Looking For... Advice, "Room to Vent", Support.. W/ Complicated Family Situation

Updated on January 19, 2011
K.B. asks from Cincinnati, OH
18 answers

I met my, now fiance & son's father, just a little less than 2 years ago... I am 26 and he is 31 - so a slight age difference, but not a huge deal - and he has a 10 year old daughter from a previous relationship. We started dating, "fell in love" etc. etc. etc. within days we were insperable and there wasn't really any doubt in my mind that this was the person I wanted to spend my life with! We got pregnant only after dating for about 5 months. My parents LOVED him - until they herad that we got pregnant (w/o being married, I come from a very traditional & Catholic family)... since then they have had some major problems with him.
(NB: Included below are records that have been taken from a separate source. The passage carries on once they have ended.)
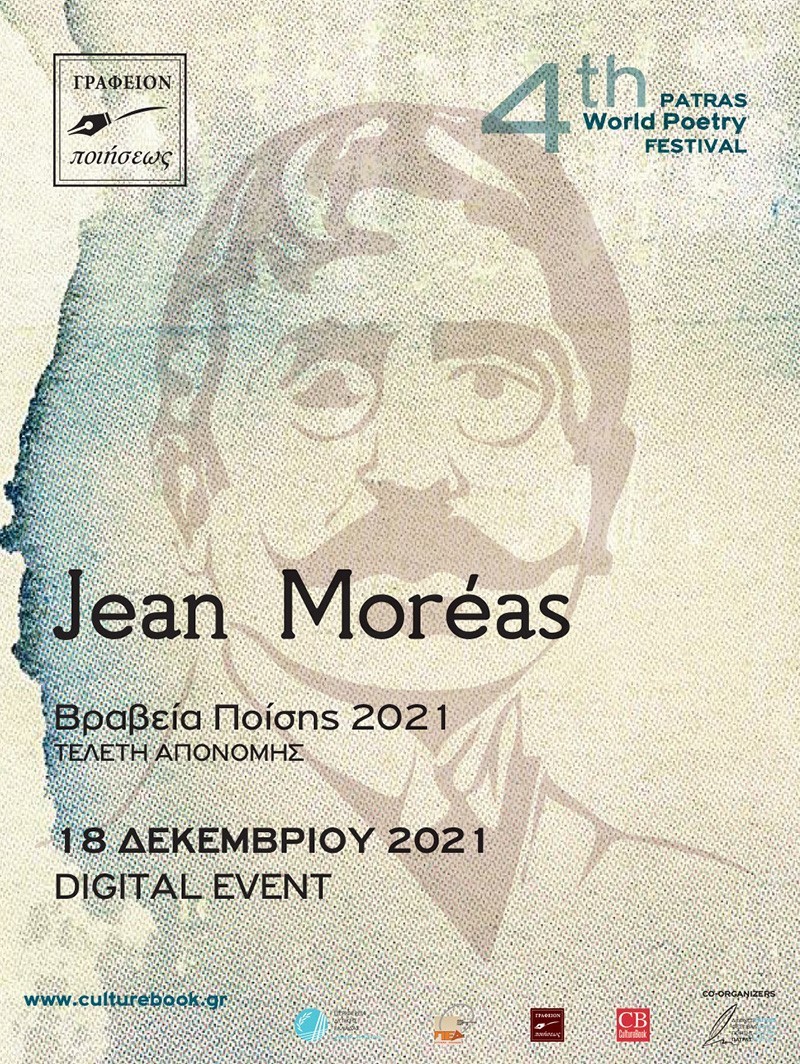 ΑΠΟΝΟΜΗ ΕΛΛΗΝΙΚΩΝ ΒΡΑΒΕΙΩΝ ΠΟΙΗΣΗΣ «Jean Moréas» για το έτος 2021: Πρόκειται για την ετήσια διοργάνωση κατά την οποία απονέμονται τα Βραβεία «Jean Moréas» για την ελληνική ποιητική τέχνη και την ελληνική ποιητική παραγωγή σε όλο της το φάσμα. Η απονομή θα πραγματοποιηθεί στο θέατρο Επίκεντρο+ με παρουσία συμμετεχόντων και κοινού*.
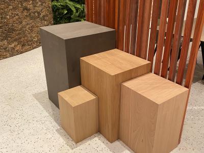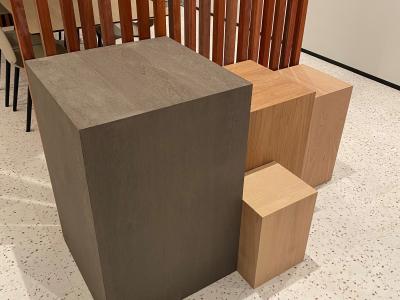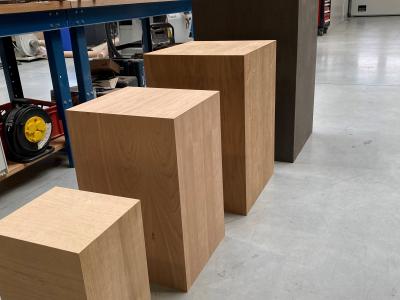 Voor een showroom maakten we blokken, gebruikt als decoratie en zitbankjes, uit verschillende houtsoorten. De wand bekleedden we met padoek balkjes en natuurlijke elementen zoals kurk en eiken latjes voor een warm en gezellig effect.
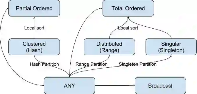 算法的副作用:每个分布式算法可能产生一次运行时数据分布。例如,sorted merge join可以保证它的输出数据满足按join key的有序和哈希分布的特征。

To make matters worse, shortly before our son was born, after I had already left my job and started on maternity leave, my fiance lost his job... as a result of this, we have had to move in with my parents - only adding to the stress and strain on my relationship with them as well as his. He has had a hard time finding work (who hasn't?? even my own dad is out work and realizes how slim the job market it) and is judged for it constantly. My parents adore our son... they are fabulous with him, I have started back to work and he even watches him once a week... I don't know that there is a real question in here... just kind of needed to "get it out"... Our son will be turning 1 year old in a few months... and while there are so many good memories of this past year it is hard to get past off this friction and unhappiness that is surrounding my whole family on a daily basis... I have never seen my family act like this, so snide and rude and condescending and it hurts my feelings that they could be this way to the person I have chosen to spend my life with... on the other hand, I hate so much that I have disappointed them and have brought this extra strain to their life as well...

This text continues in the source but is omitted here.